However the tyre ‘issue’ was not done with us yet. When Irene took Rosie the Jack Russell for her morning constitutional she came back and reported that the spare tyre had gone flat! Oh dear here we go again. Ever the optimist after having breakfast I decided I would re-inflate the tyre and it should hold long enough to get to Dingwall Tyres about 6 miles away. The Bannermans driver had informed us yesterday that they would be the most likely place to get a new tyre and would probably have one in stock. I looked them up on t’internet and gave them a call and explained our predicament. The gentleman checked his records and confirmed they had the correct tyre in stock, adding that his record showed they have five. This was to be prophetic as I’ll explain.
We finished breakfast, a nice bowl of warming porridge, packed the dogs in the Granny next to the burst tyre, and got the van ready for the off as soon as the tyre was pumped up, hoping the tyre would stay inflated long enough to get us to Dingwall. I then inflated the tyre fully and off we set. Within about 1/2 a mile I realised the tyre was going down faster than I had hoped just by the feel of the handling, but I plodded on as far as I could but realised we were not going to make it. Within another 1/4 mile I had to give in and so I pulled over. By now we were just over 5.5 miles from Dingwall, so close and yet so far. I toyed with the idea of re-inflating the tyre once more but when I checked the tyre I could see and hear that air was escaping from the valve itself and then noticed that the valve rubber had perished. It was a miracle it had inflated at all, so once again we had to resort to calling on our recovery service. I was concerned that this incident might be linked as part of yesterdays ‘rescue’ but none of us could have known when we put the spare wheel on what the outcome would be. The recovery call handler clearly understood our predicament, which made a change from yesterday, and checked with his supervisor that this could be regarded as a separate ‘rescue’ so to speak. This was confirmed but now we had to wait for a ‘low loader’ to come and get us as we had no more ‘spare wheels’ to use. (Yes, the call handler DID ask that question). By now it was 10.35am and we were given the usual ‘within an hour’ estimate of the recovery’s arrival. Whilst waiting for the rescue I rang Dingwall to inform them of our delay and that we would probably need two new tyres at least. As Irene and I discussed the prospect of continuing on our travels with 3 tyres that were almost certainly the same age as the tyre that ‘blew’, we decided that we couldn’t risk another tyre failure so informed Dingwall we would need 5 new tyres!!! Ouch.
The rescue vehicle arrived sooner than expected and we commenced loading Bessie onto the back of the low loader. Bessie has a large protruding chassis member at the rear with the tow ball attached and on a few occasions when driving into steep turnings or driveways, this chassis can come into contact with the road surface.
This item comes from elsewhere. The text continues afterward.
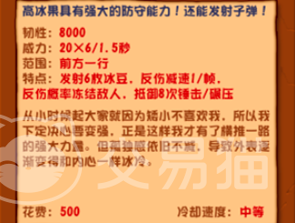 高冰果这个防御塔基本的技能属性还是非常明显的,每一个防御装置可以发射六枚冰豆,然后对敌人进行反伤和冻结,反伤可减速一针,并且它可以抵御八次来自僵尸的锤击或者是碾压,而每次使用该防御时会浪费500阳光,所以玩家在相对应的阳光规定范围之内,需要通过一定的策略搭配才能成功通关。
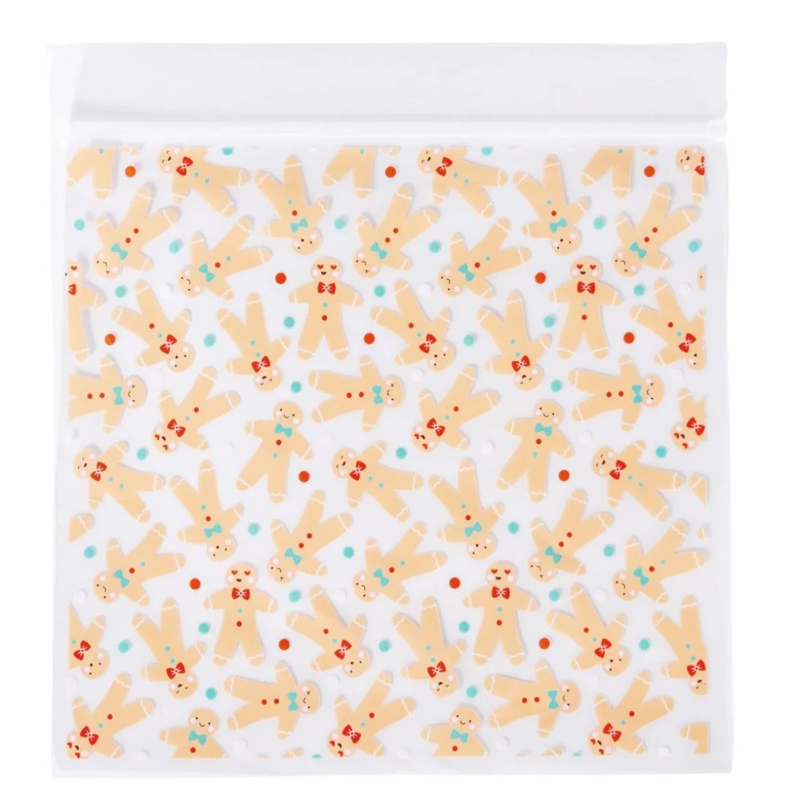 Gebruik de Hersluitbare Traktatiezakjes Gingerbread van PME om je kerstlekkernijen in stijl te verpakken. Set van 20 zakjes versierd met een peperkoekman ontwerp.

With the offside tyre flat there was a very strong possibility that this would happen when driving her up the now sloping bed of the lorry. I offered to drive Bessie up the slope whilst the rescue driver gave directions and had the foresight to put wooden blocks under the rear wheels in an effort to keep the chassis member from making contact with the road. This was largely successful and we managed to get Bessie up onto the bed of the truck with only a few minor scrapes and a bent socket plate. Now firmly strapped to the back of the lorry the driver instructed us to make our way to Dingwall’s and he would meet us there as, now that Bessie was on his lorry, he wouldn’t fit under the bridge a few miles down the road and would have to take a different route! We watched as our Bessie, looking so forlorn on the back of the lorry, disappeared down a side road whilst we set off as directed and soon arrived at Dingwall Tyres which was a hive of activity to say the least. We went into reception where they informed us they were ready for us as soon as Bessie was unloaded from the recovery lorry. The lorry duly arrived about ten minutes later and, after another nerve wracking period of trying not to scrape the chassis too much, Bessie was off and parked in front of the unit.
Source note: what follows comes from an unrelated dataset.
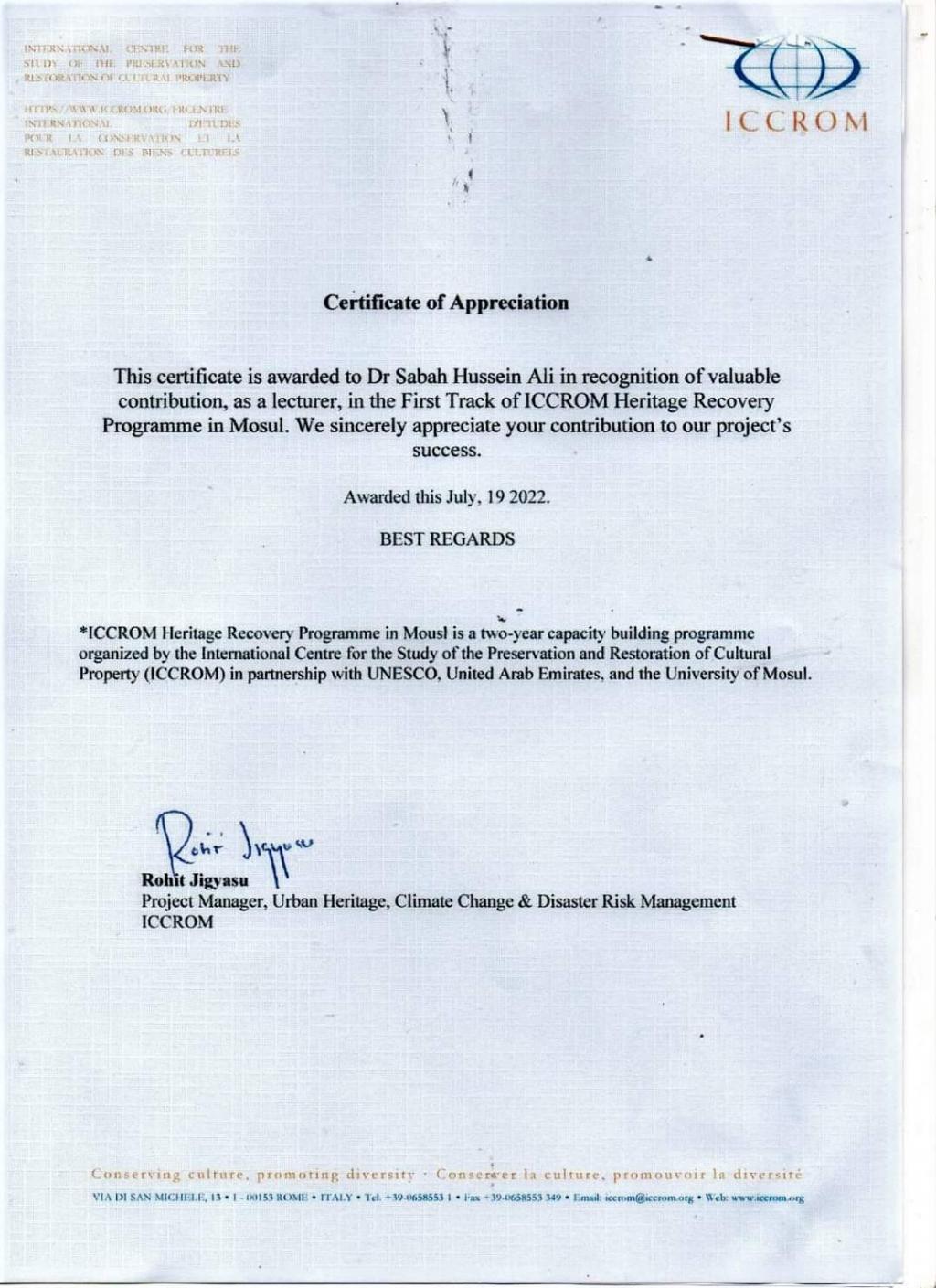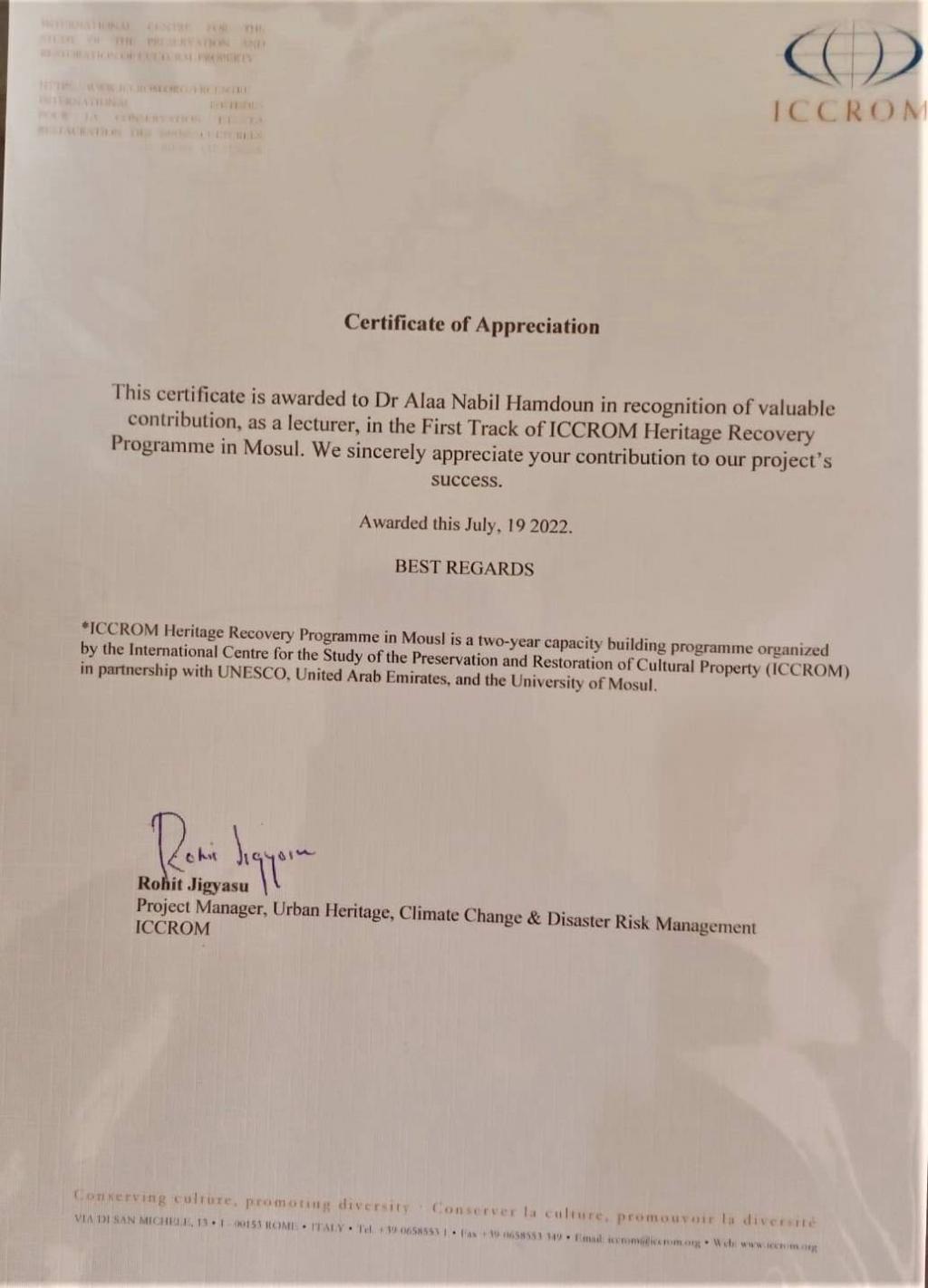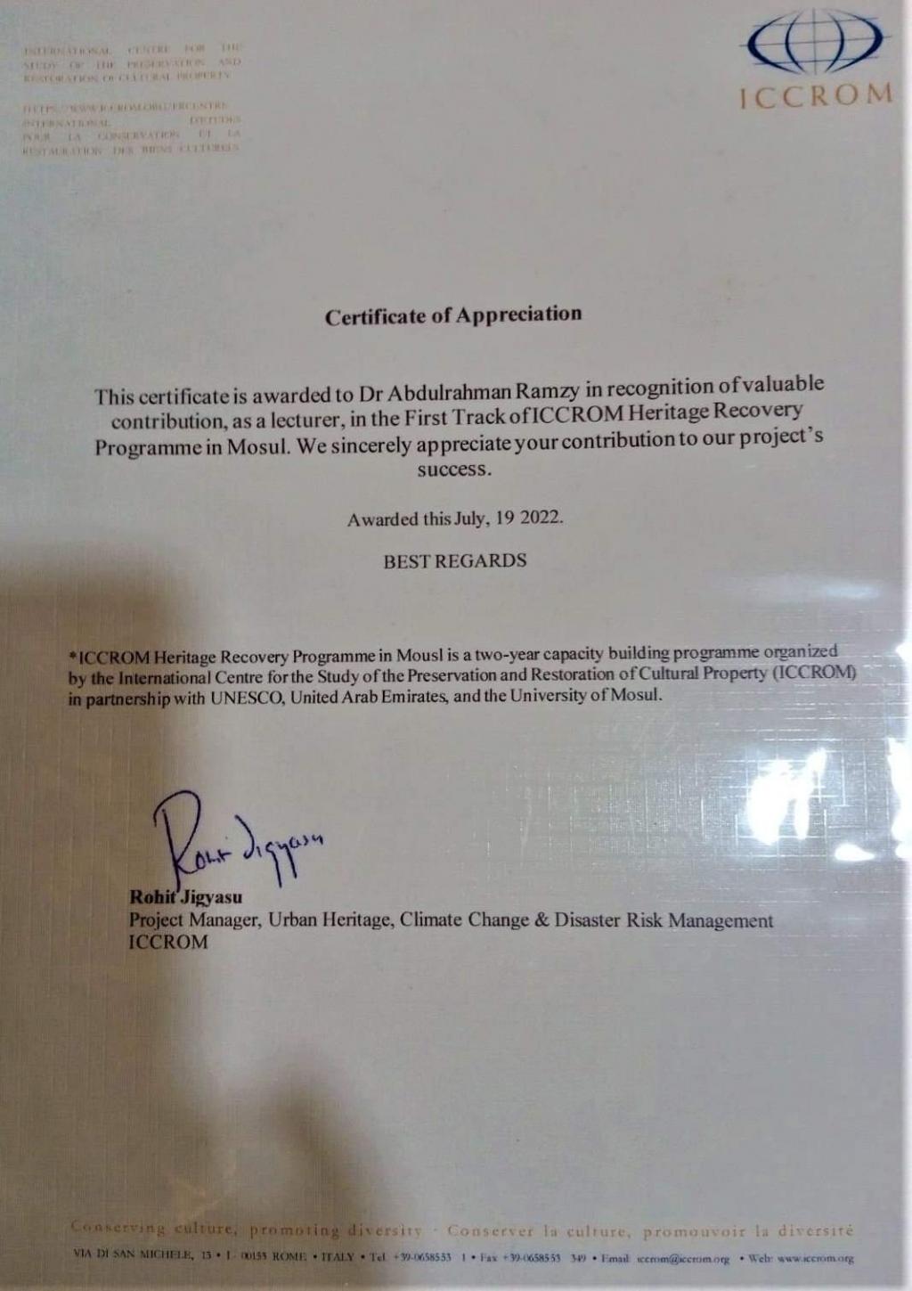 حصل مركز التحسس النائي بجامعة الموصل على شهادات تقديرية من المركز العالمي لدراسة وصيانة وترميم التراث الثقافي( الايكوروم ICCROM) لإسهام كوكبة من أساتذته في تدريب والقاء محاضرات ضمن هذا البرنامج العالمي والذي تم بالتعاون مع منظمة اليونسكو العالمية وجامعة الموصل.يذكر ان هذا البرنامج مخصص لتدريب مجموعة من المهندسين المعماريين والمدنيين وتهيئتهم للعمل في إعادة إعمار واحياء المباني التراثية المتضررة في مدينة الموصل القديمة،هذا وقد استضاف مركز التحسس النائي المسار الثاني للبرنامج والذي استغرق أربعة أسابيع في قاعات المركز.شارك في التدريب والقاء المحاضرات كل من مدير المركز الاستاذ المساعد الدكتور علاء نبيل حمدون والاستاذ صباح حسين علي والأستاذ المساعد الدكتور رشيد سليم عبد والأستاذ المساعد الدكتور عبدالرحمن رمزي قبع.

Whilst waiting for Bessie to arrive Irene had got chatting to a lady having her tyres changed and she informed us of a nearby cafe where we could get a cup of tea and some lunch too if we wanted. The ‘boys’ started work on the van informing us it would take at least 45 minutes to do all 5 tyres, which would have new valves and be balanced too, so it was that we visited a lovely little cafe that was part of a nearby Garden Centre. The big surprise was that they catered for Gluten Free customers and even asked Irene to taste a new gluten free cake they had made, as they were unsure it was ‘sweet’ enough as they couldn’t tell. After enjoying a nice bowl of home made soup with gluten free bread Irene gave the thumbs up for the cake. What a little gem of a cafe with reasonable prices, so well worth recommending.
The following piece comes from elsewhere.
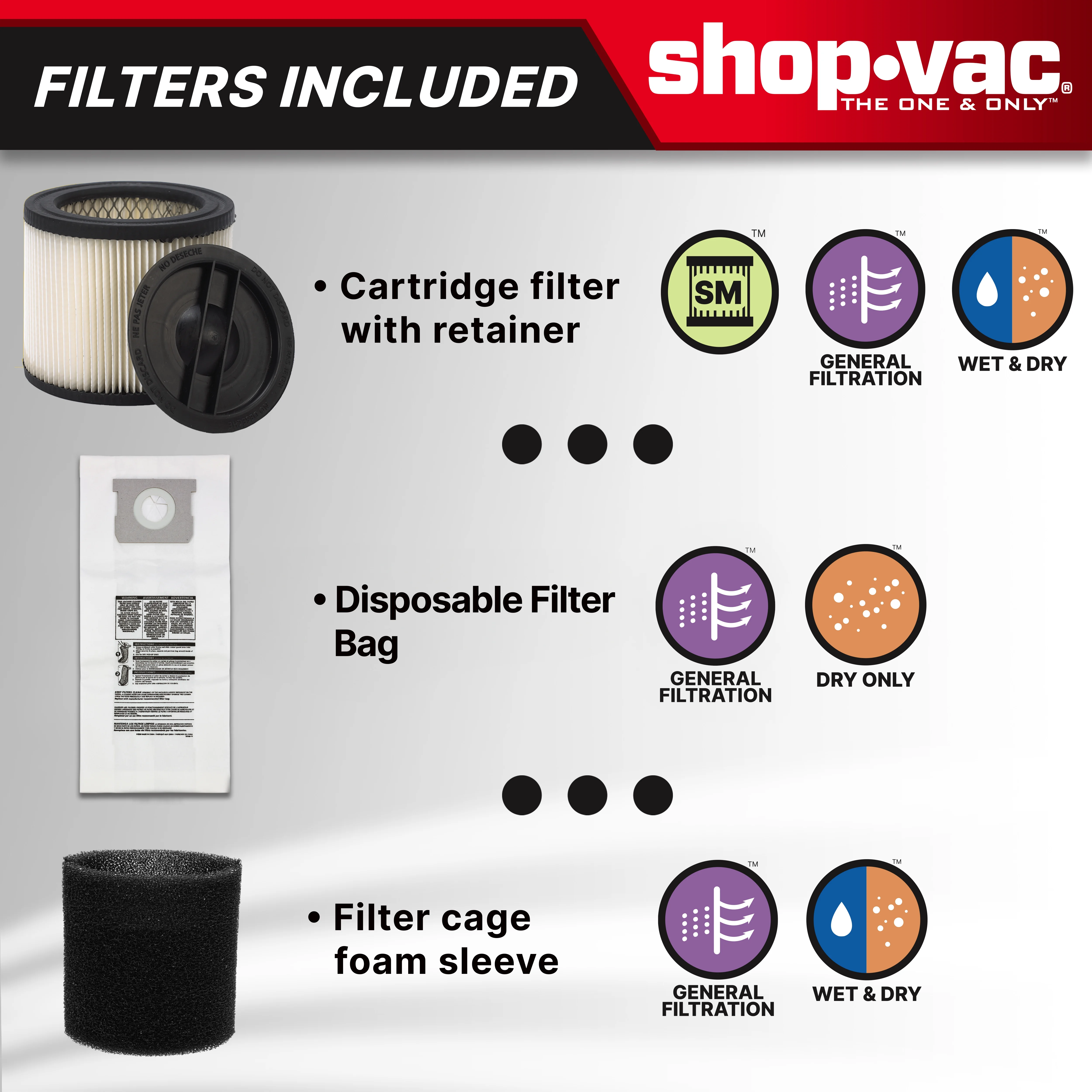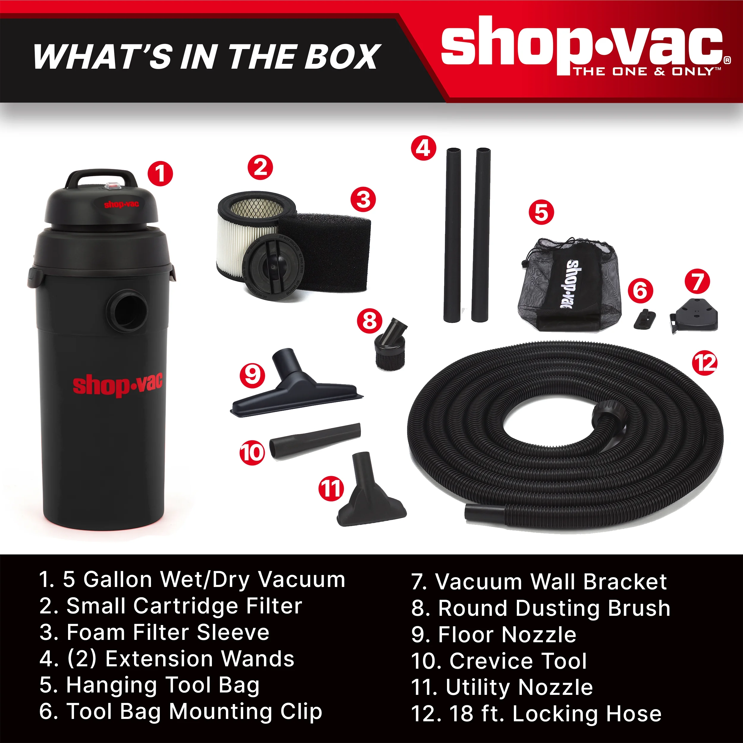 - Includes (3) extension wands, floor nozzle, round brush, gulper nozzle, crevice tool, wall mount, wall mount tool holder and filters: cartridge & foam sleeve

We returned to the van to find Bessie was almost finished but before I went in to pay I asked that they examine the burst tyre to determine its age, as it still had plenty of tread on it and there seemed no reason for the failure. They came back to tell me that the tyre was just over 10 (yes ten) years old, and so was the spare that had also gone flat. It was obvious that the remaining 3 tyres were of a similar vintage and we had been right to change them all, especially when you consider that the Caravan Club, Camping & Caravanning Club and the Motor Caravanners club all recommend that Motorhome tyres should be replaced every 5 years, irrespective of mileage. We had been fortunate that this incident had not happened sooner and I dread to think what would have happened if we had been pulling our little Toyota Aygo and it had been a front tyre that failed at 60mph on the Motorway. The potential consequences don’t bear thinking about. A lesson learned methinks!
I went into the office to pay and the bill came to £425 all in which included tyres, new valves, balancing, fitting and VAT; not bad at all your for 5 new tyres!
Soon after this we were on the road again making our way to John and Helens at West Shinness near Lairg. John had kindly texted me detailed route instructions via the A9 and Bonar Bridge, however the Sat Nav thought differently and sent us up the B9176. Ever mindful that Sat Navs can be a bit fickle, I stopped after a short while to check we were on the right route. A gentleman farmer came by walking his dog and he kindly confirmed we were heading in the right direction, coincidentally telling us his last name was Bonar!. He even advised us of a couple of ‘viewing points’ en route that were well worth a look. He was indeed correct and we stopped at one of these viewpoints to allow the dogs to stretch their legs.
Afte this comfort break we were soon on our way again the route taking us over a couple of single track stone bridges that were very picturesque. We arrived in Ardgay around 2pm and took the opportunity to ring ahead and tell John of our progress. Indeed we were not far away now and would soon be with them.
Now we knew our friends lived in a relatively remote part of the Highlands as we had looked up their cottage on Google Earth. However what we didn’t bargain for was that the road passing their cottage, designated the A838, was actually a single track road with passing places! Apparently it’s the main fishermans route, hence the designation, plus it is gritted and kept clear during the winter.
As we approached their cottage Helen was waving to us and we drove straight into their driveway and parked up. We arrived at 2.45pm and I am happy to say that, even though we hadn’t seen our friends in person for over 13 years, it was just like old times and felt as if we had seen them only yesterday.
We had a very pleasant evening with our friends, catching up on the events in our lives. Helen had kindly cooked us a lovely meal and we chatted away for ages, finally discussing where we would go next. We went to bed in the Moho tired, well fed and happy! The difficulties of the last 24/36 hours had faded away!